**WHAT THE EXERCISE ASKS:** Would you print the records below from the first line through the line containing "ALLURE EVENING GLOW", skipping the pictures?

[Saved data entries]
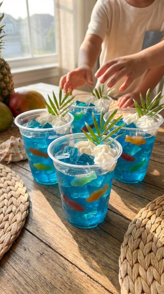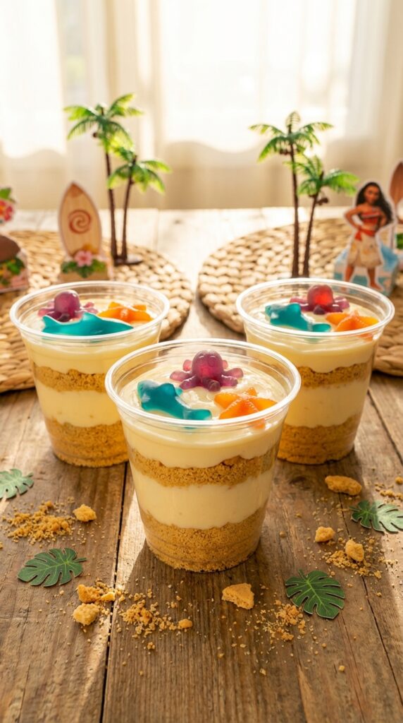 Layer your lively blue jello cubes with whipped cream to mimic ocean waves. Kids absolutely love digging through the “water” to find hidden gummy fish underneath. It’s surprisingly simple to make, yet looks incredibly impressive. To complete the tropical vibe, consider garnishing each cup with small palm leaves as a nod to the lush island scenery of Moana’s world.
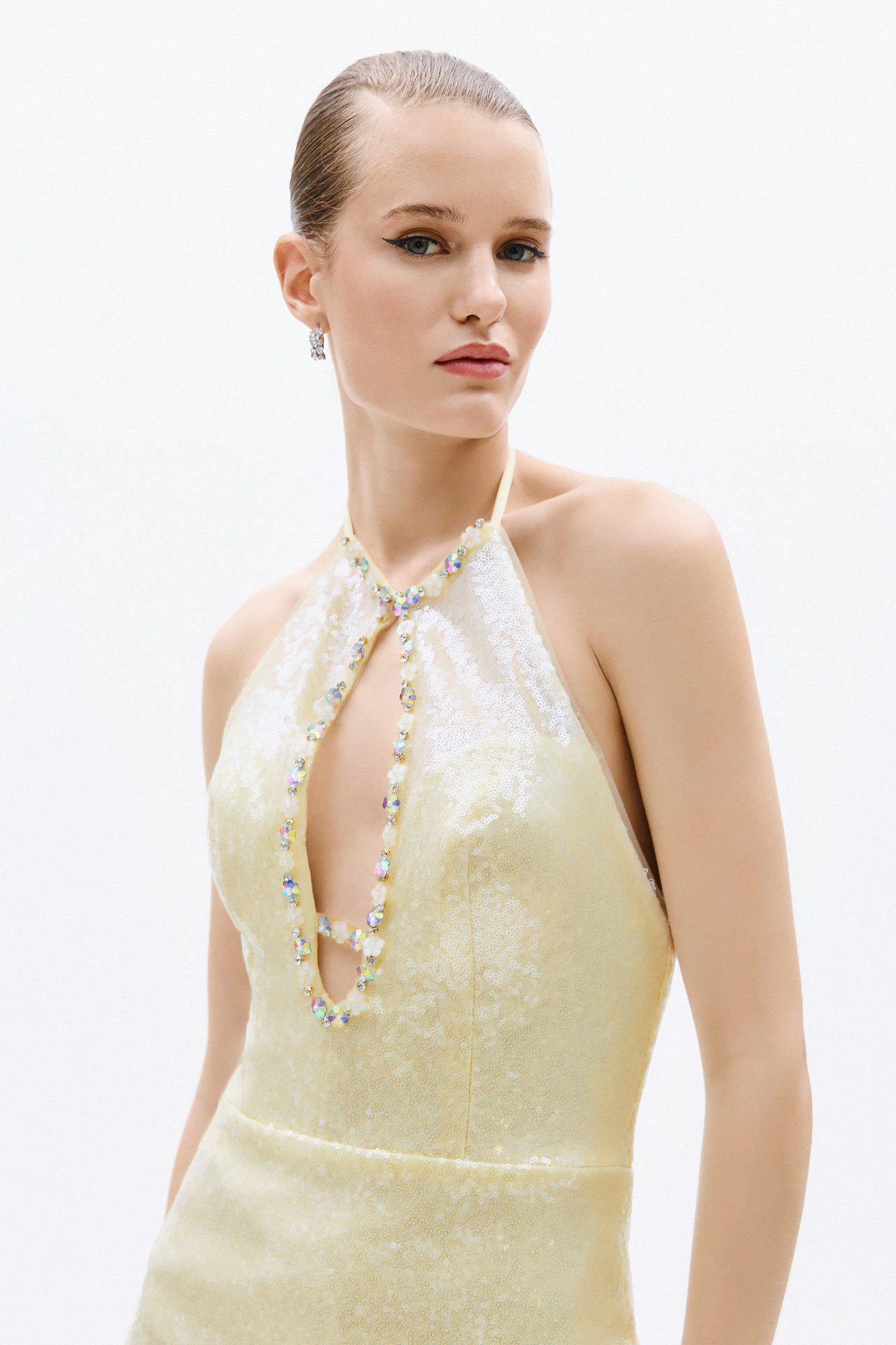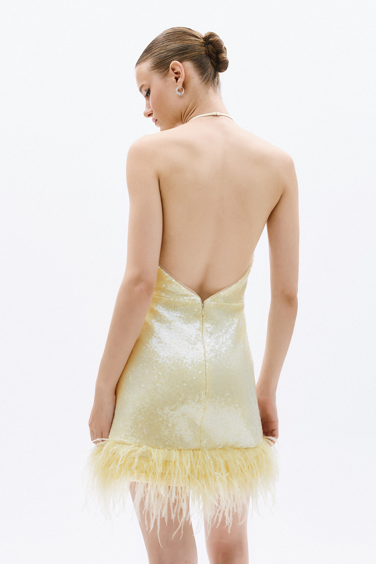 ALLURE EVENING GLOW SEQUIN MINI DRESS WITH FEATHERS
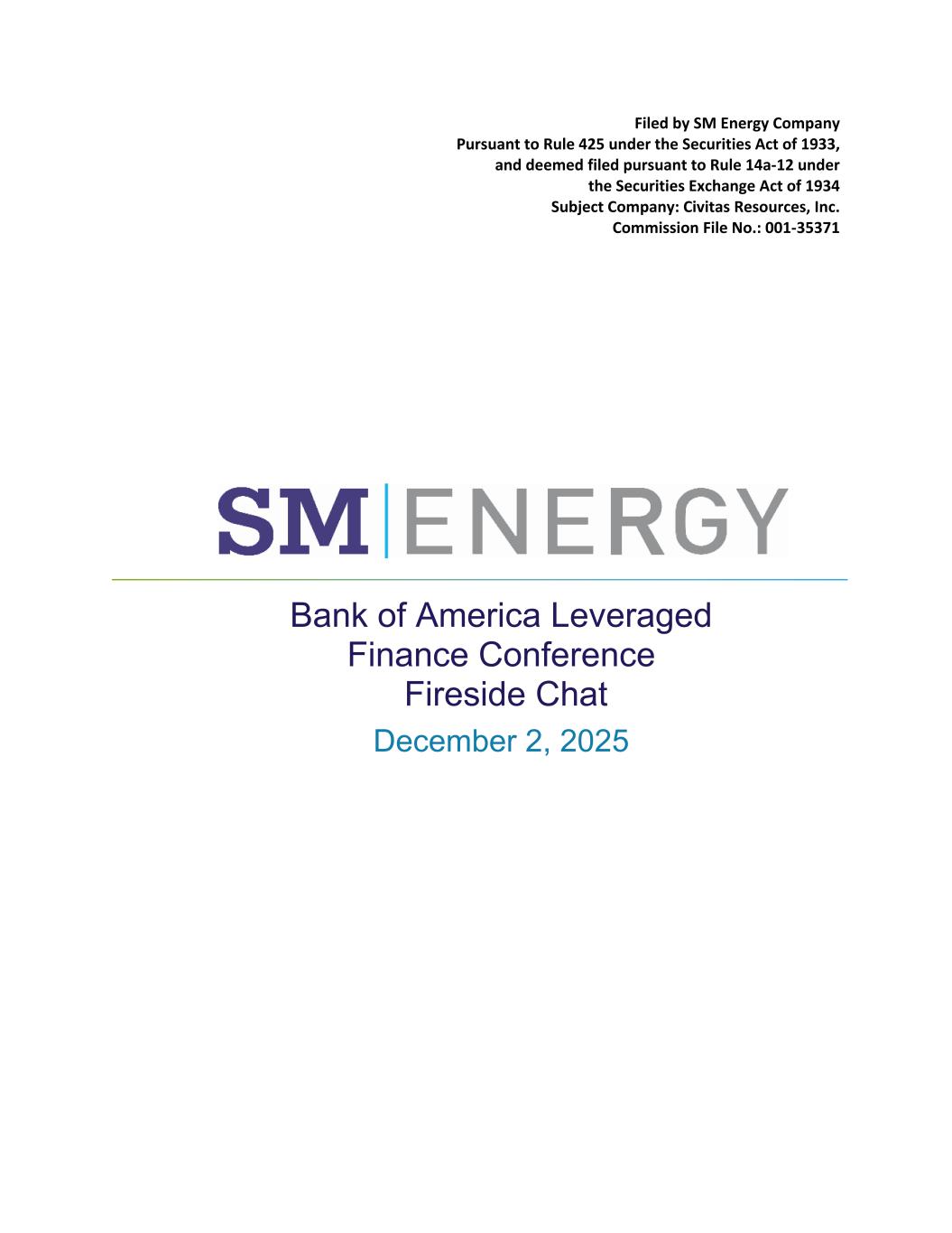 Filed by SM Energy Company Pursuant to Rule 425 under the Securities Act of 1933, and deemed filed pursuant to Rule 14a-12 under the Securities Exchange Act of 1934 Subject Company: Civitas Resources, Inc. Commission File No.: 001-35371 Bank of America Leveraged Finance Conference Fireside Chat December 2, 2025
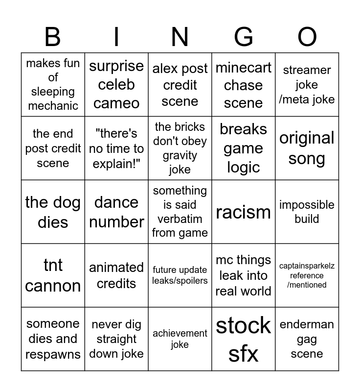 This bingo card has a free space and 24 words: someone dies and respawns, animated credits, the bricks don't obey gravity joke, stock sfx, streamer joke /meta joke, makes fun of sleeping mechanic, surprise celeb cameo, alex post credit scene, racism, impossible build, the dog dies, "there's no time to explain!", mc things leak into real world, captainsparkelz reference /mentioned, the end post credit scene, never dig straight down joke, achievement joke, minecart chase scene, original song, tnt cannon, dance number, future update leaks/spoilers, breaks game logic and enderman gag scene.
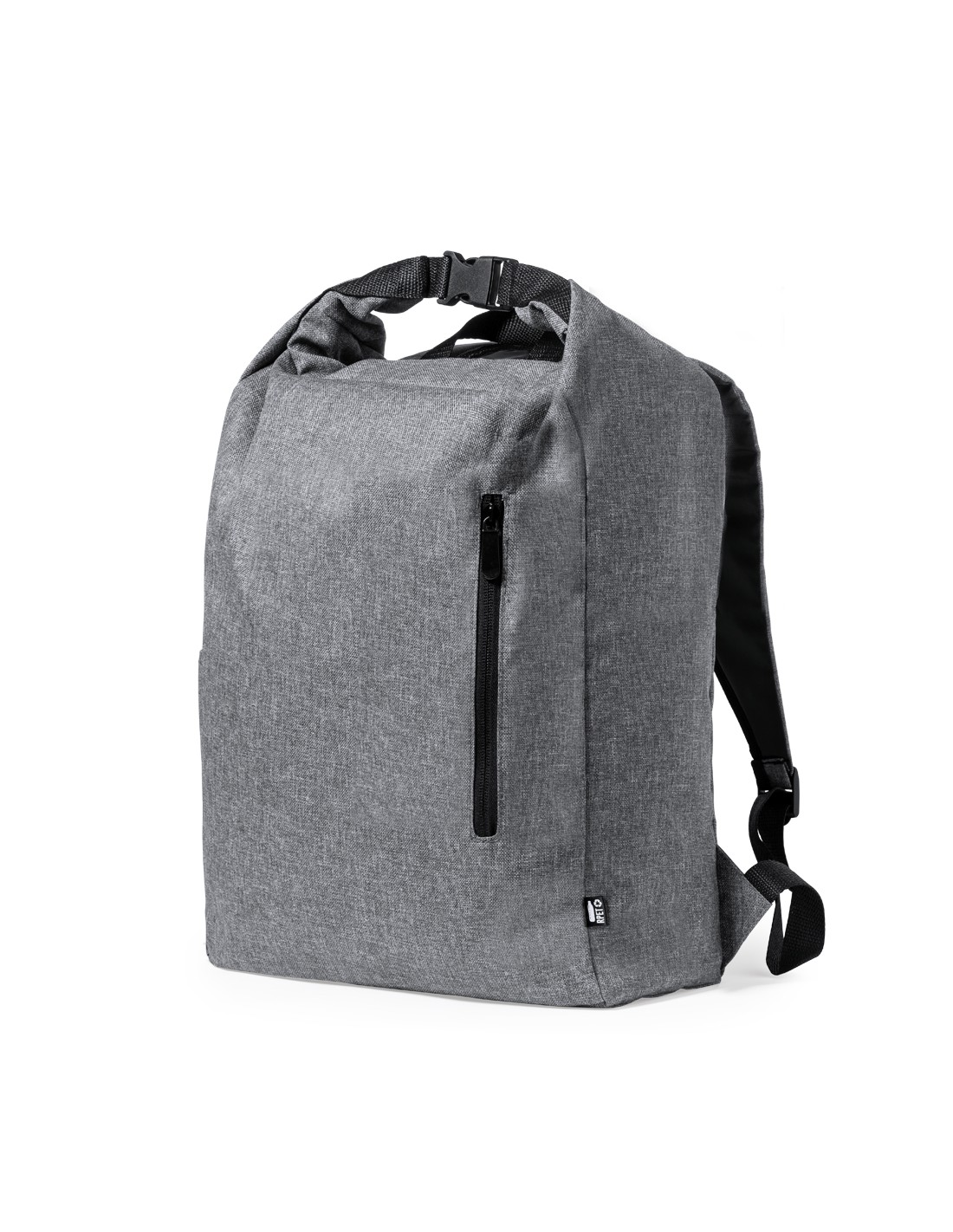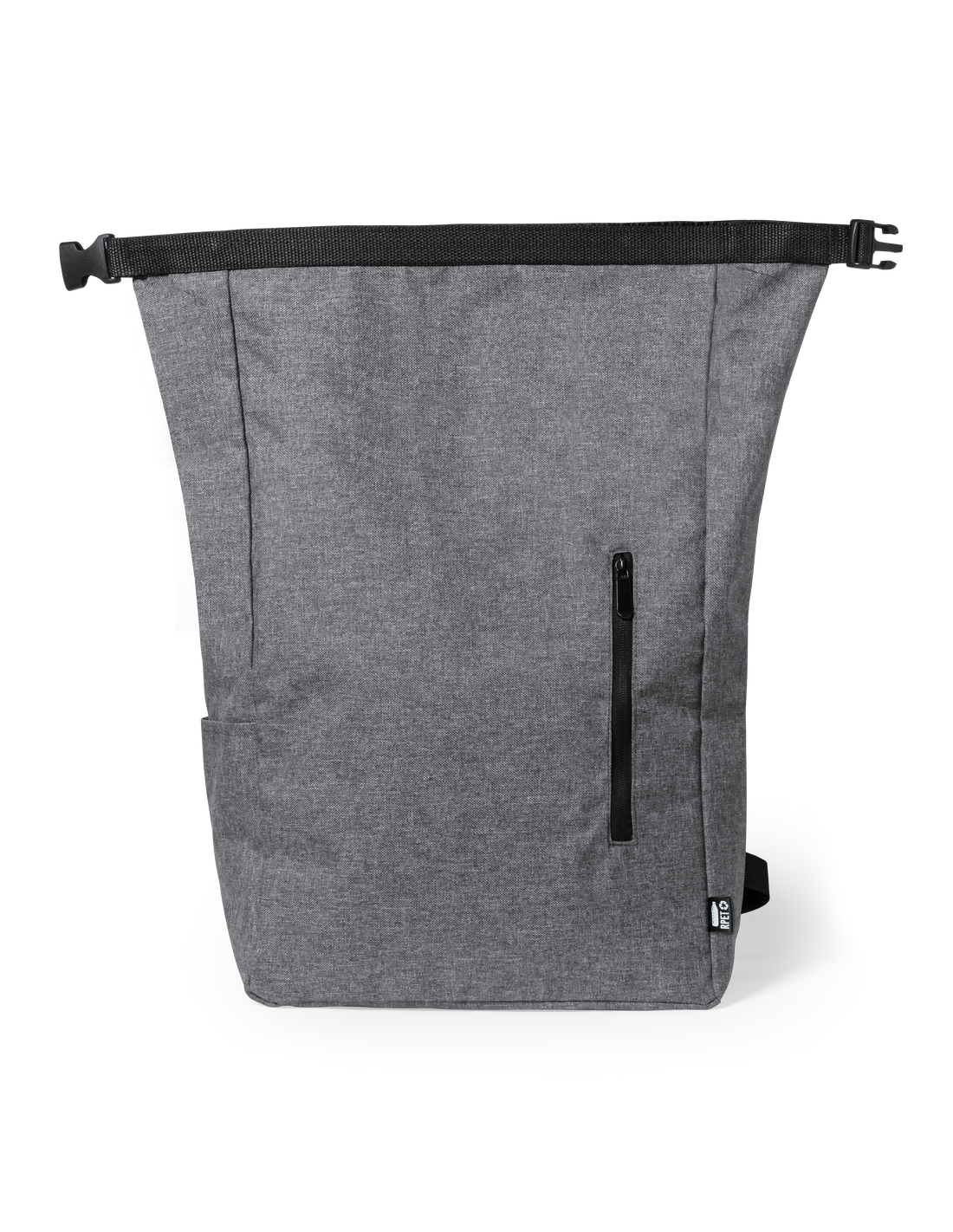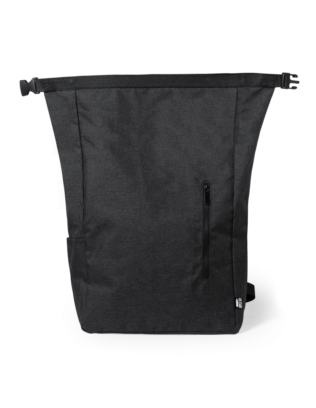 Mochila de línea nature fabricada en resistente 300D RPET, elaborado a partir de plástico reciclado, para así fomentar la reutilización de residuos plásticos y contribuir a la sostenibilidad del planeta. Bolsillo principal con cierre de hebilla y bolsillo lateral. Cintas acolchadas ajustables para hombro y distintivo RPET en etiqueta exterior.

**ANSWER SPACE:**
 Layer your lively blue jello cubes with whipped cream to mimic ocean waves. Kids absolutely love digging through the “water” to find hidden gummy fish underneath. It’s surprisingly simple to make, yet looks incredibly impressive. To complete the tropical vibe, consider garnishing each cup with small palm leaves as a nod to the lush island scenery of Moana’s world.
 ALLURE EVENING GLOW SEQUIN MINI DRESS WITH FEATHERS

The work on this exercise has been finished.